Congrats on completing the project.
One question though, concerning the conclusion of the number of smokers broken out by female and male, that there are more women who smoke…
There are 274 total smokers in the data set.
insurance['smoker'].value_counts() >>no 1064 yes 274 #and the numbers of men & women: insurance['sex'].value_counts() >>male 676 female 662 #if I isolate the smokers and put them in their own df: smokers = insurance.iloc[(insurance['smoker']=='yes').values] smokers.head() >> age sex bmi children smoker region charges 0 19 female 27.90 0 yes southwest 16884.9240 11 62 female 26.29 0 yes southeast 27808.7251 14 27 male 42.13 0 yes southeast 39611.7577 19 30 male 35.30 0 yes southwest 36837.4670 23 34 female 31.92 1 yes northeast 37701.8768
smokers['sex'].value_counts() >>male 159 female 115
How is it that this, ‘The statement that, proportionally, more women smoke than men is: True’
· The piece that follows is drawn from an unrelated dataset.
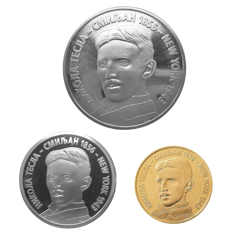 На реверсе всех монет изображен портрет Никола Теслы. Вдоль канта надпись: НИКОЛА ТЕСЛА - СМИЉАН 1856 - NEW YORK 1943 (Никола Тесла, годы жизни).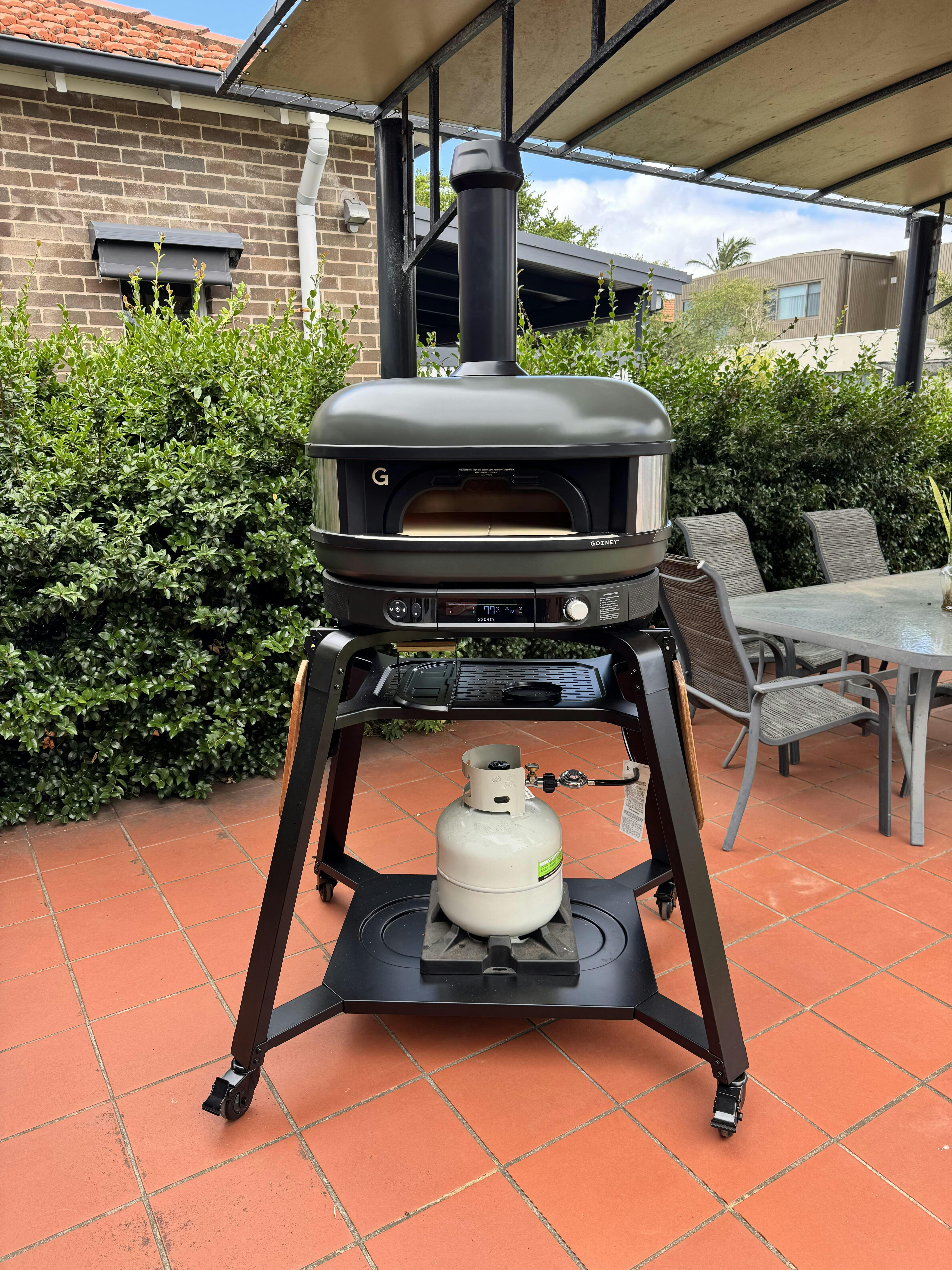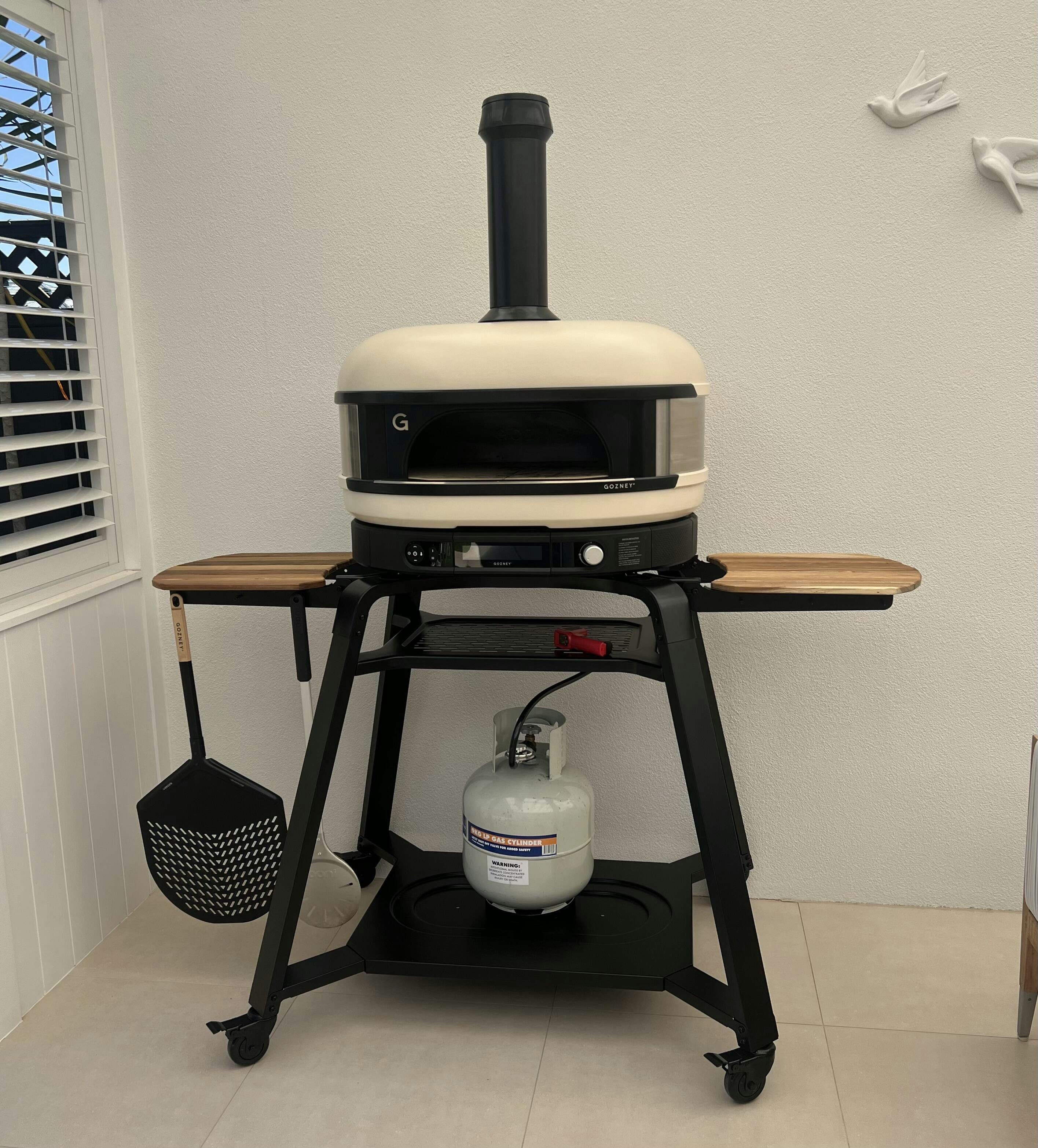 Your oven securely connects to the stand with an easy turn fastener and sits at the perfect height for cooking. The acacia shelves, pegs and adjustable wings are built in for convenience while the four large wheels make it easy to move your oven around your backyard.

be true? Or, am I missing something?
159/676 = 23.5% (men),
115/662 = 17.3% (women)
You’re absolutely correct. My for loop didn’t add to the count so I was always adding the number of smoking women. I’ve changed the code now and the github repo should reflect that. Thanks for that!
So it turns out that, proportionally, there are more smoking men than smoking women.